[RECORDED INFORMATION — start]

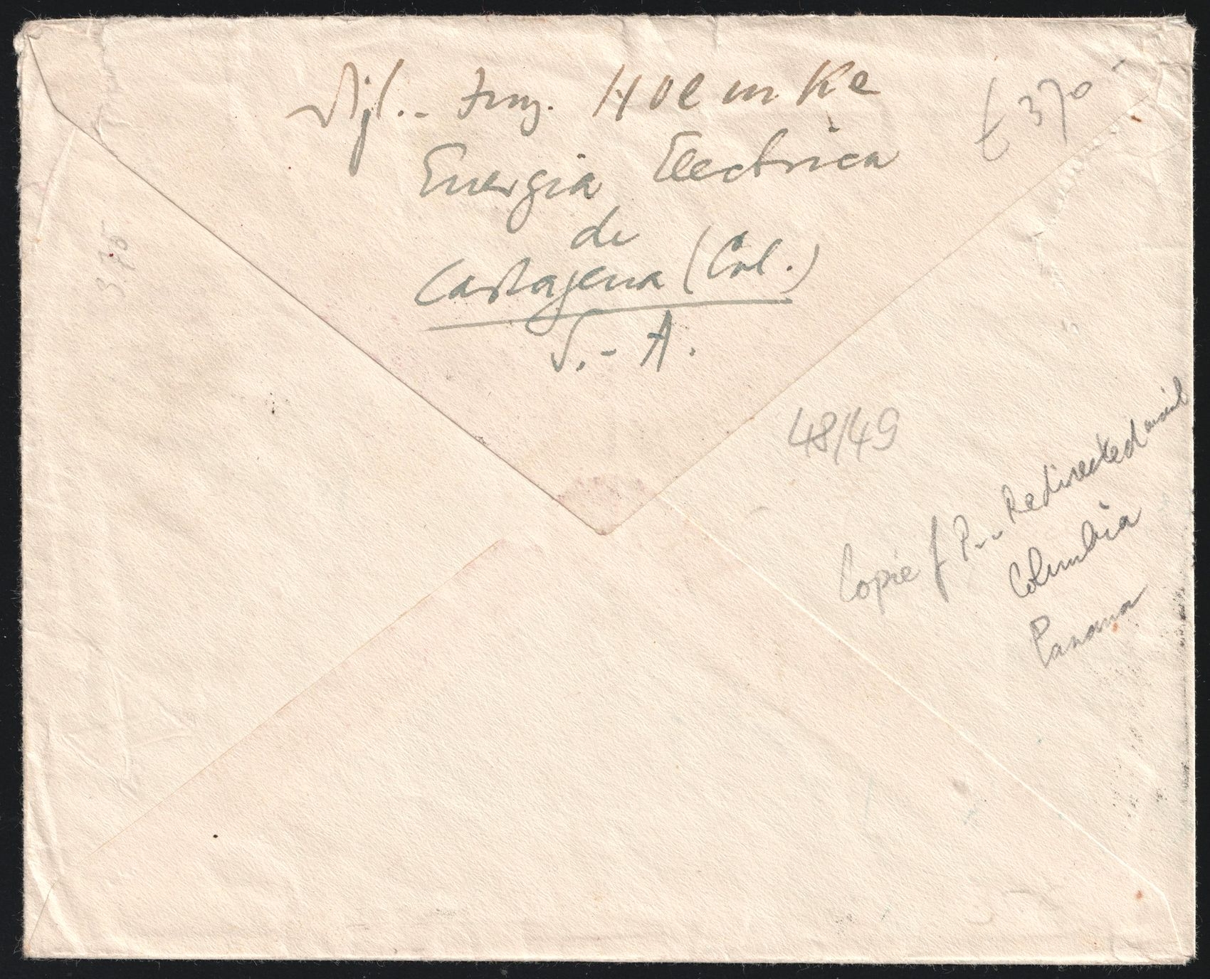 1625 image1930 (24 Nov) Republica of Colombia, International Airmail Cover from Cartagena (Colombia) via New York (United States) to Berlin (Germany), franked with 2 x 4c, 10c and Airmail 10c, 15c and Canal Zone 20c on 2c (tied by Oval Numeral '1' Postmark). Light creases and small tear at the top. | Michel 298, 47, 48, 83 (Image 1) (Image 2)
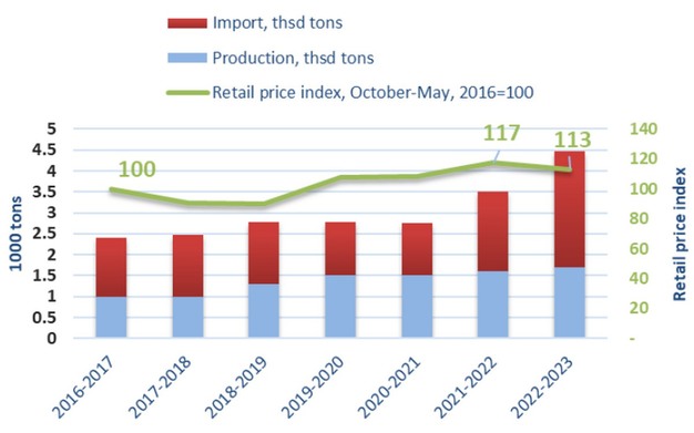 Interestingly, the average retail price for kiwifruit during the active season was reduced by only 3% in the 2022-2023 season compared to the 2021-2022 season and was at the second highest level at least since 2016. Given the increase of about 25-28% in the total supply of kiwifruit in the Georgian market, retail prices reducing by only 3% should be a result of increased demand.
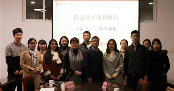 13日下午,王学棉教授为宁波大学法公司的师生进行了题为“诉讼请求的具体化”的讲座,王老师结合实务与理论,程序法与实体法,对“诉讼请求的具体化”这一问题展开了丰富的内容,讲座之后与在座的老师同学进行了亲切地沟通。
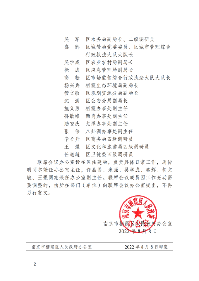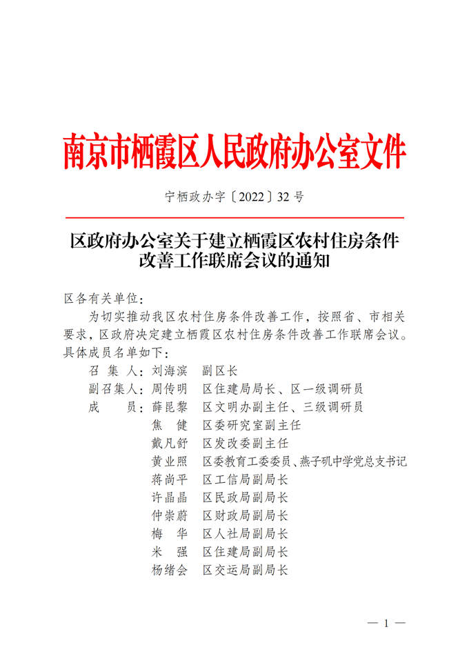 寧棲政辦字〔2022〕32號(hào) 區(qū)政府辦公室關(guān)于建立棲霞區(qū)農(nóng)村住房條件改善工作聯(lián)席會(huì)議的通知

[RECORDED INFORMATION — finish]

THE PROBLEM
Everything in the data except the pictures must be retyped exactly.

TASK RESULT
 1625 image1930 (24 Nov) Republica of Colombia, International Airmail Cover from Cartagena (Colombia) via New York (United States) to Berlin (Germany), franked with 2 x 4c, 10c and Airmail 10c, 15c and Canal Zone 20c on 2c (tied by Oval Numeral '1' Postmark). Light creases and small tear at the top. | Michel 298, 47, 48, 83 (Image 1) (Image 2)
 Interestingly, the average retail price for kiwifruit during the active season was reduced by only 3% in the 2022-2023 season compared to the 2021-2022 season and was at the second highest level at least since 2016. Given the increase of about 25-28% in the total supply of kiwifruit in the Georgian market, retail prices reducing by only 3% should be a result of increased demand.
 13日下午,王学棉教授为宁波大学法公司的师生进行了题为“诉讼请求的具体化”的讲座,王老师结合实务与理论,程序法与实体法,对“诉讼请求的具体化”这一问题展开了丰富的内容,讲座之后与在座的老师同学进行了亲切地沟通。
 寧棲政辦字〔2022〕32號(hào) 區(qū)政府辦公室關(guān)于建立棲霞區(qū)農(nóng)村住房條件改善工作聯(lián)席會(huì)議的通知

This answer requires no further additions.